### Exercise data

* * * * * * *

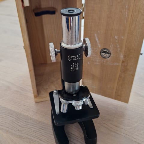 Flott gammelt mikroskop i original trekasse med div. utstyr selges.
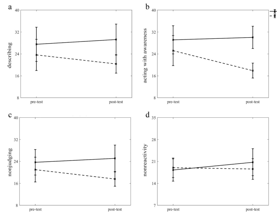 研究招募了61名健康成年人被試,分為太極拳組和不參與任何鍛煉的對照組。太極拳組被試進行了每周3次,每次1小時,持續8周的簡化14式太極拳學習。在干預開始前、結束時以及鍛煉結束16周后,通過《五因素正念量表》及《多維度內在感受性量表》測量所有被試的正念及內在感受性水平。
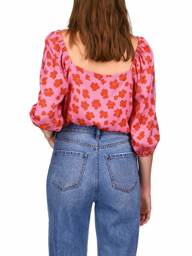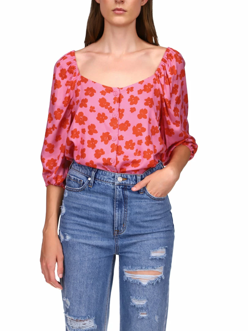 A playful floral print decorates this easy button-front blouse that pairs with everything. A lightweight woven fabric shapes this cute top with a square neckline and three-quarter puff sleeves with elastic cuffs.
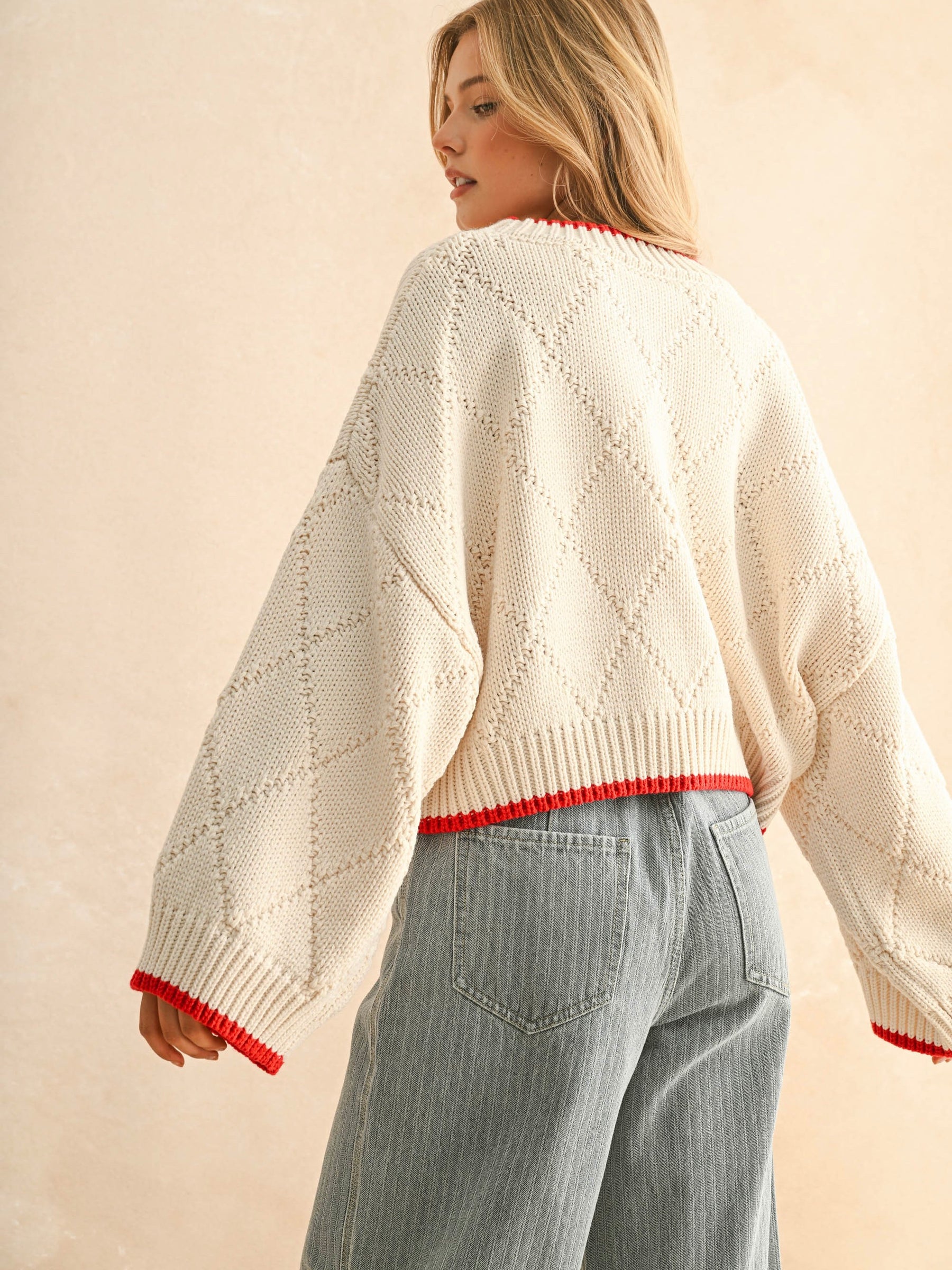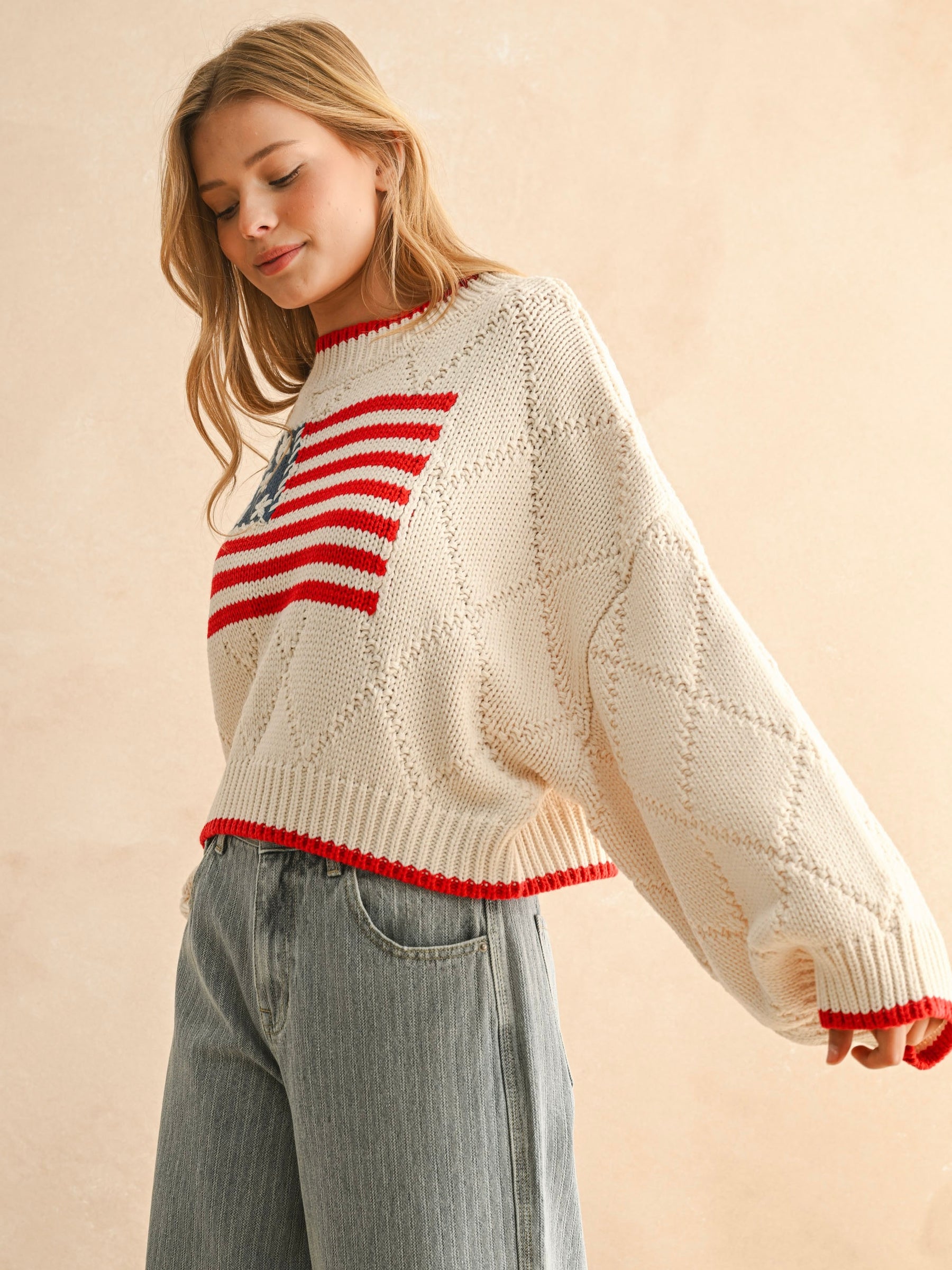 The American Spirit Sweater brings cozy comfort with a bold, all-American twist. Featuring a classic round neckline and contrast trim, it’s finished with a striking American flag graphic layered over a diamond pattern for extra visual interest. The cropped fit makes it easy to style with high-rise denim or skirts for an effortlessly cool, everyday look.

* * * * * * *

Please print, exactly as given, the lines running from the beginning of the listing through the line containing "研究招募了61名健康成年人被", omitting each picture.

 Flott gammelt mikroskop i original trekasse med div. utstyr selges.
 研究招募了61名健康成年人被試,分為太極拳組和不參與任何鍛煉的對照組。太極拳組被試進行了每周3次,每次1小時,持續8周的簡化14式太極拳學習。在干預開始前、結束時以及鍛煉結束16周后,通過《五因素正念量表》及《多維度內在感受性量表》測量所有被試的正念及內在感受性水平。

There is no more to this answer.